The problem: Every line below from the one with "women SHUZIA Ankle" through the one with "Inspired by the" should be retyped exactly, both ends included; no other lines and no pictures.

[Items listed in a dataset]
##############################

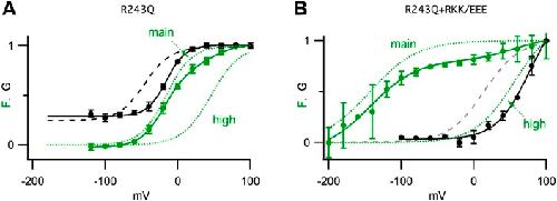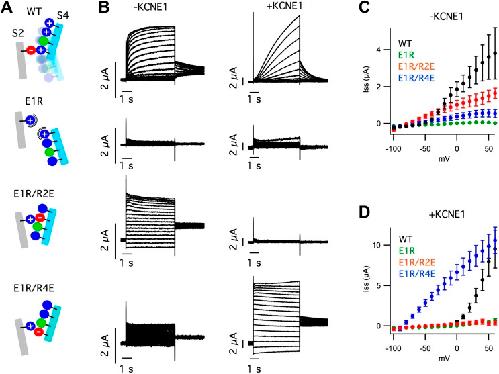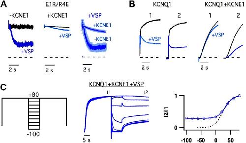 Barro-Soria, KCNE1 divides the voltage sensor movement in KCNQ1/KCNE1 channels into two steps. 2014, Pubmed
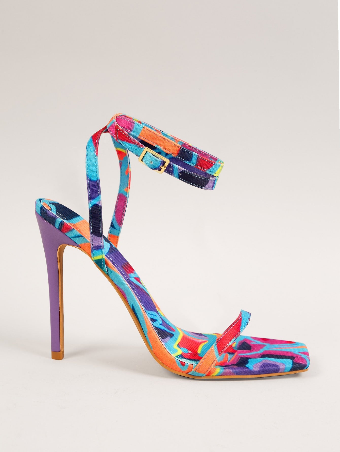 women SHUZIA Ankle Strap Square Toe Stiletto Heeled Sandals
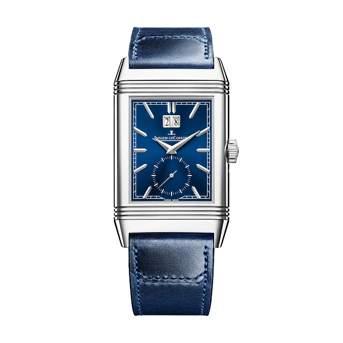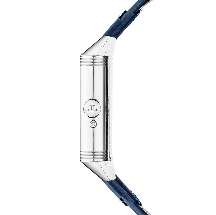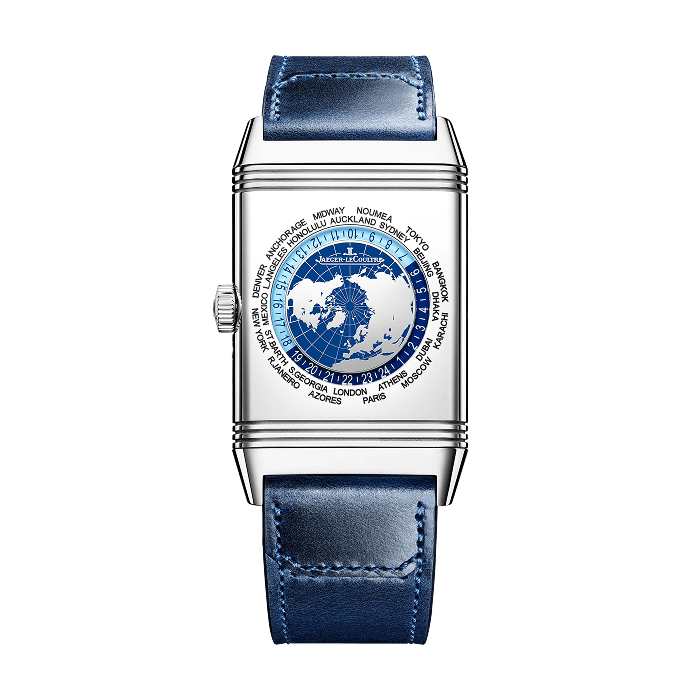 Inspired by the first models from 1931, the Reverso Tribute Geographic is the epitome of the watchmaking expertise of the Grande Maison. On the front, the Art Deco-style lacquered blue dial features a patented Grande Date offering excellent legibility. On the reverse, the display of the world time complication is as original as it is instinctive. The 24h world time disc rotates while the names of the cities are engraved directly on the steel case. In the centre, polished silver continents stand out against a hand-lacquered blue oceans. It is set by means of a sliding pusher that allows corrections to be made one hour at a time. The watch comes with two bracelets designed by Casa Fagliano: the first in blue leather, the second in the same colour, leather and canvas.
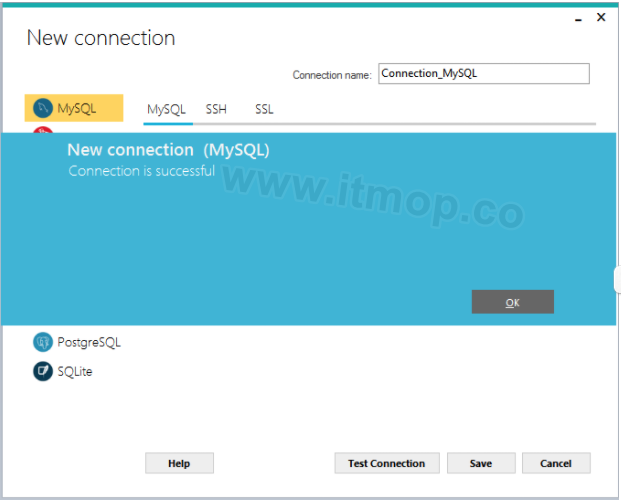 单击 “测试连接”按钮。应用程序尝试连接到具有指定参数的服务器。连接成功后,会出现确认信息:
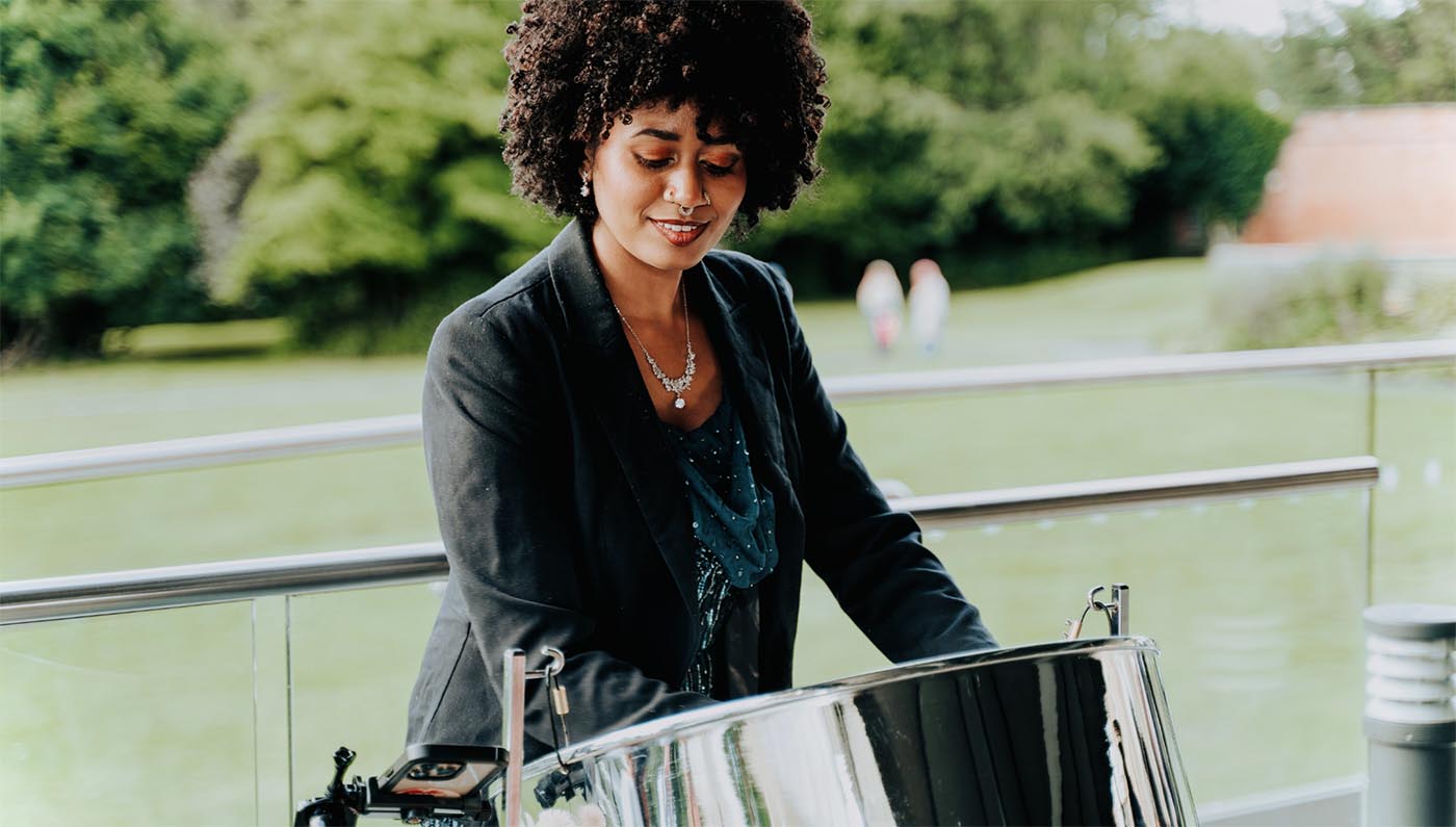 Ayeshah’s journey into the steelpan world began at the age of six, attending practice at her local African Caribbean community centre in Leicester. Ten years later, her dedication and skill earned her a spot in Contrast, the band led by her pan teacher, which eventually paved the way for her to go freelance as Zola Steelpan, performing at events from weddings to festivals.
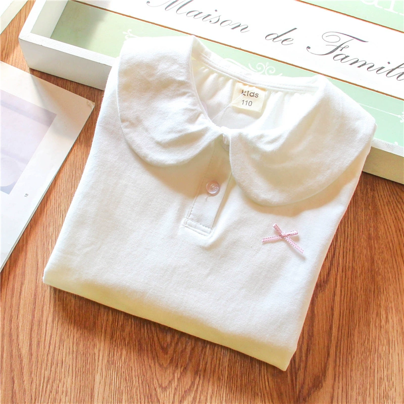 قميص للفتيات للربيع والخريف على طراز الكلية، قميص أبيض للأطفال من القطن الخالص يسمح بمرور الهواء، تي شيرت متعدد الاستخدامات للأطفال
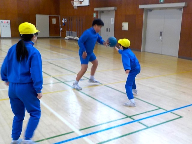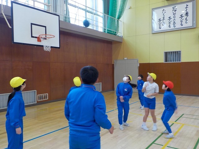 4年生が、体育科でバスケットボールの学習をしてました。みんな楽しそうです。
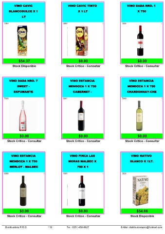 Distribuidora P.R.O. 112 Tel.: 0351-458-8927 E-Mail: distribuidorapro@hotmail.com
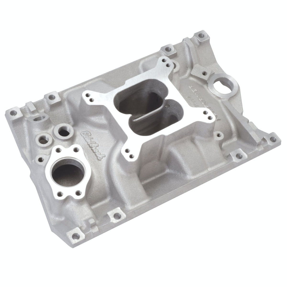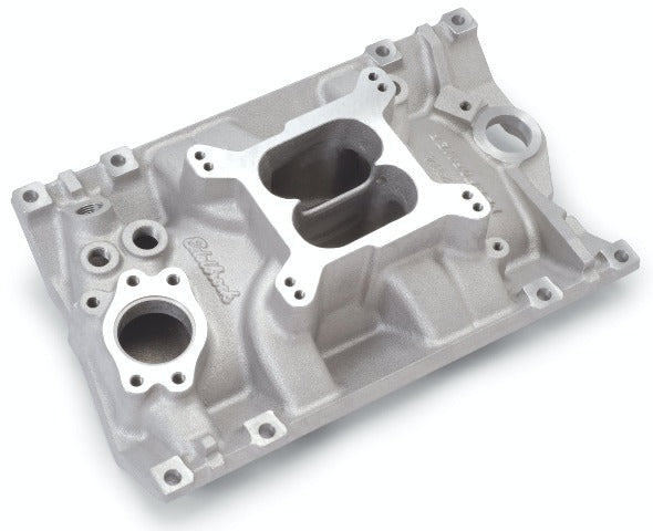 Edelbrock part #2114 Performer Vortec V6 intake manifold is based on the powerful Edelbrock #2111, this dual-plane intake is designed for the engine swap market utilizing 1985 and later Chevy 200-229-262 c.i.d. (3.8L and 4.3L) V6 engines with Vortec heads. With this manifold, rodders can take advantage of the higher flow available with the Vortec head design. This Performer Vortec intake manifold has provisions for external water bypass and may be used on either Vortec blocks or 1995 and earlier blocks. Designed for use with Edelbrock Thunder Series AVS or Performer Series 500 cfm carbs, it accepts late model water neck, alternator, HEI and air conditioning.
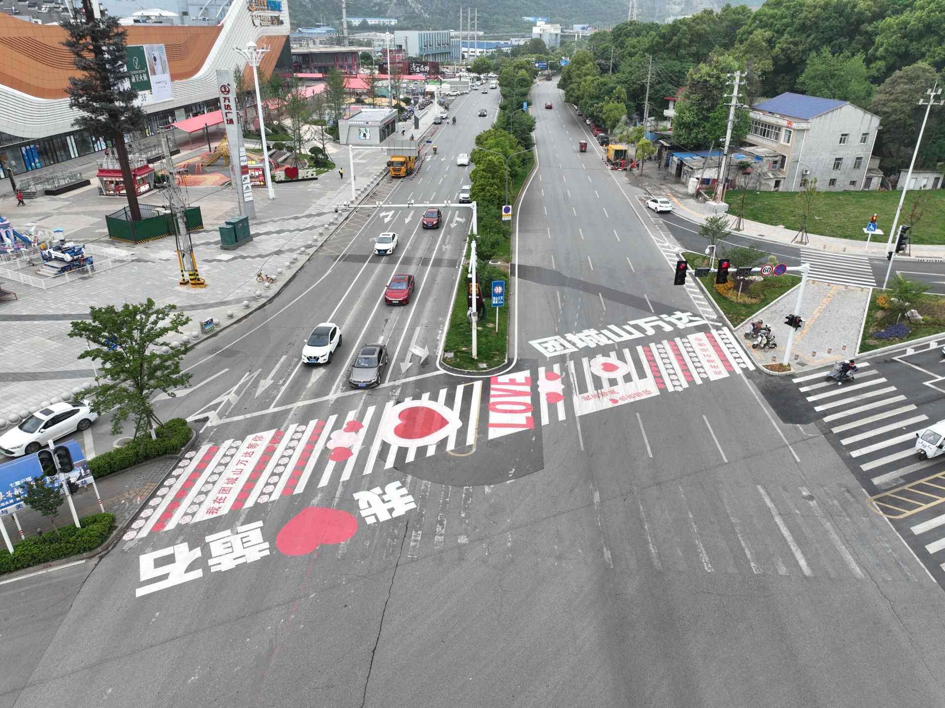 28日上午,在多個視頻平臺里,出現(xiàn)了一條黃石“網(wǎng)紅斑馬線”,這條斑馬線位于磁湖路與廣州路路口靠近團城山萬達廣場一側(cè),不少市民來到現(xiàn)場打卡拍照,還有市民在現(xiàn)場拍攝視頻。記者隨后來到現(xiàn)場看到,這條原本黑白相間的斑馬線,被涂畫了桃心、花朵圖案,并配上了“團城山萬達”“我在團城山萬達等你”“我在等風也在等你”“我在黃石很想你”“我 黃石”“LOVE”等字樣?,F(xiàn)場確實也有些市民掏出手機,對這條斑馬線進行拍攝。
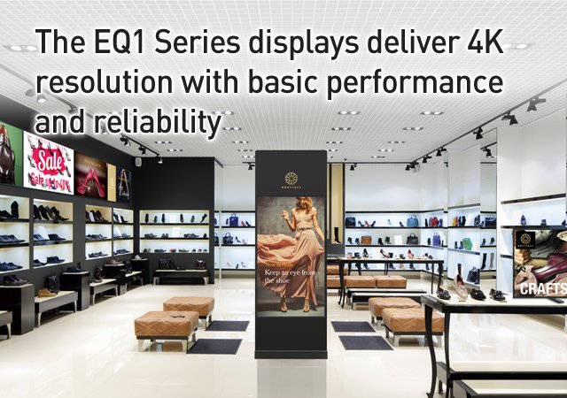Aby obsłużyć najnowszą zawartość wideo 4k i Full HD, wyświetlacze mają dwa porty HDMI kompatybilne z HDCP do odtwarzania treści chronionych przez DRM. Wszystkie wyświetlacze z serii EQ1 nadają się do użytku z uchwytami kompatybilnymi z VESA.
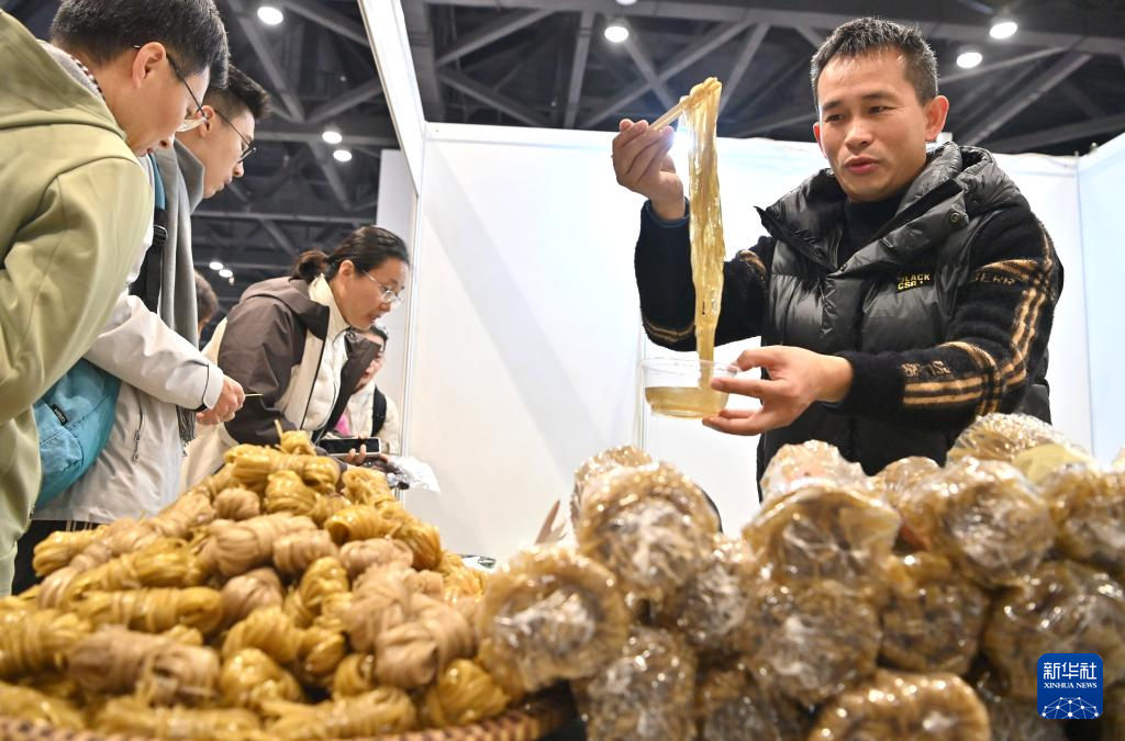 1月24日,在广西南宁国际会展中心,一名参展商在年货大集上展示红薯粉条。新华社记者 周华 摄
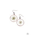 Dainty white firework flowers are encased inside a glassy casing bordered in an antiqued copper trim, creating a whimsical frame. Earring attaches to a standard fishhook fitting.
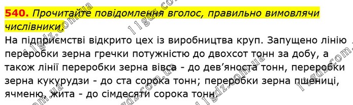 Прочитайте повiдомлення вголос, правильно вимовлячи числiвники. На пiдприємствi вiдкрито цех iз виробництва круп. Запущено лiнiю переробки зерна гречки потужнiстю до двохсот тонн за добу, а також лiнії переробки зерна вiвса - до дев’яноста тонн, переробки зерна кукурудзи - до ста сорока тонн; переробки зерна пшеницi, ячменю, жита - до сімдесяти сорока тонн.
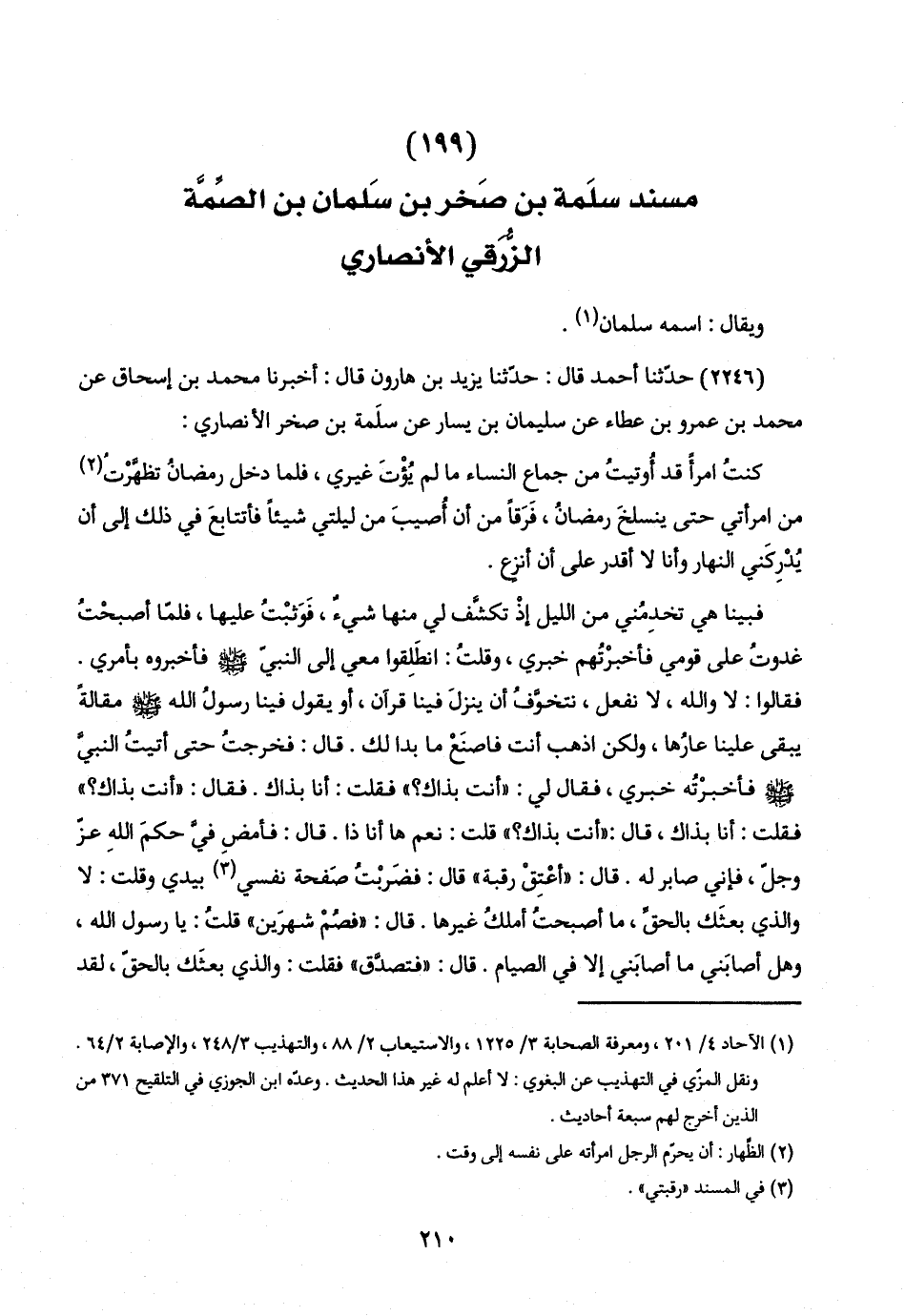(٢٢٤٦) حدّثنا أحمد قال: حدّثنا يزيد بن هارون قال: أخبرنا محمد بن إسحاق عن محمد بن عمرو بن عطاء عن سليمان بن يسار عن سلَمة بن صخر الأنصاري:

##############################

Problem solution:
 women SHUZIA Ankle Strap Square Toe Stiletto Heeled Sandals
 Inspired by the first models from 1931, the Reverso Tribute Geographic is the epitome of the watchmaking expertise of the Grande Maison. On the front, the Art Deco-style lacquered blue dial features a patented Grande Date offering excellent legibility. On the reverse, the display of the world time complication is as original as it is instinctive. The 24h world time disc rotates while the names of the cities are engraved directly on the steel case. In the centre, polished silver continents stand out against a hand-lacquered blue oceans. It is set by means of a sliding pusher that allows corrections to be made one hour at a time. The watch comes with two bracelets designed by Casa Fagliano: the first in blue leather, the second in the same colour, leather and canvas.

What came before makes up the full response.